Borg decided to take the risk, and he started his own publishing company, named Thriller Press, after researching what the business would entail. He’s earned enough to quit his day job –Borg ran a custom framing shop on the South Shore when he first moved to the area – and he gets ultimate control over his novels and the series. He’s also won numerous awards for his books, including a Ben Franklin Award that recognizes excellence in independent publishing.
“It’s been an example of how you don’t really need to listen to the experts. The books were successful right out of the gate. People get a misguided sense that how you publish your book is what matters, but my experience is that it doesn’t matter at all. It still gets down to the author finding the readers,” Borg said.

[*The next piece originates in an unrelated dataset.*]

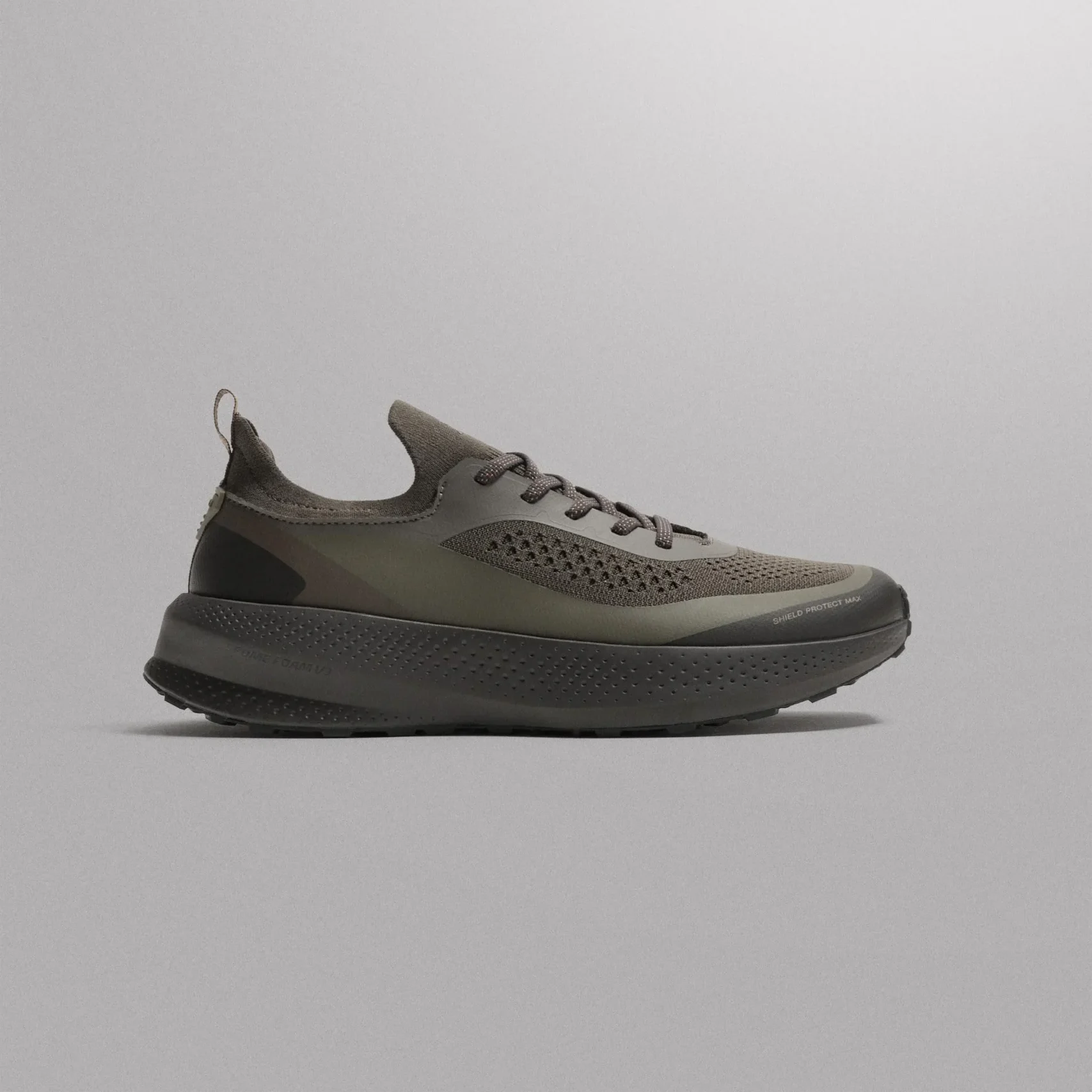 - متریال استفاده شده: رویه این محصول از پارچه بافتنی (Knitted) با قابلیت گردش هوا ساخته شده و در قسمت پنجه و پاشنه از متریال مقاوم Shield Protect Max برای جلوگیری از سایش و افزایش طول عمر کفش استفاده شده است.
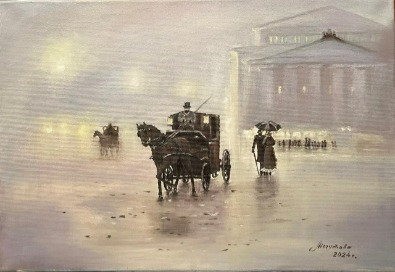"Жизнь города", вольная копия с картины художника Geoffrey Johnson,холст на подрамнике ,масло, 38x55, 2024 Цена 15000 рублей

When North Shore author Tim Hauserman published the first edition of his guidebook, “Tahoe Rim Trail,” he decided to follow a traditional publishing route. Hauserman, who’s lived in the basin since 1960, wanted to write the authoritative guidebook on the rim trail that was completed in 2001. Wilderness Press picked up the manuscript, but it was still up to Hauserman to get the book into his readers’ hands.
“Publishers are less into marketing than they use to be. You have to put the word out there yourself. Any kind of social networking, networking with bookstores helps. I think there’s a lot more self-marketing than there use to be,” Hauserman said.
“Tahoe Rim Trail” is now in its third edition, and Hauserman has published two more books, titled “Monsters in the Woods: Backpacking with Children” and “Cross-Country Skiing in the Sierra Nevada.” Both books went through third-party publishing houses.
He’s working on a memoir that focuses on solo backpacking trips, as well as two novels that he hopes will get picked up off the slush pile. Fiction is just harder to publish, he said. There’s more competition and you need an agent.
But there’s also more potential for profit. Hauserman’s “Tahoe Rim Trail” topped Wilderness Press’ top sellers list in 2003, but it still didn’t earn him enough money to live on.
“When I saw the numbers, I was like ‘What about the rest of the people on the list?’ There’s not a lot of money in it,” he said.
While Hauserman freelances professionally, he also works at Tahoe Cross Country Ski Area in the winter and leads hikes during the summer.
“The Tahoe outdoors definitely inspired my writing. The “Tahoe Rim Trail,” it’s kind of a love letter to the trail in many ways. It’s a fun process,” he said.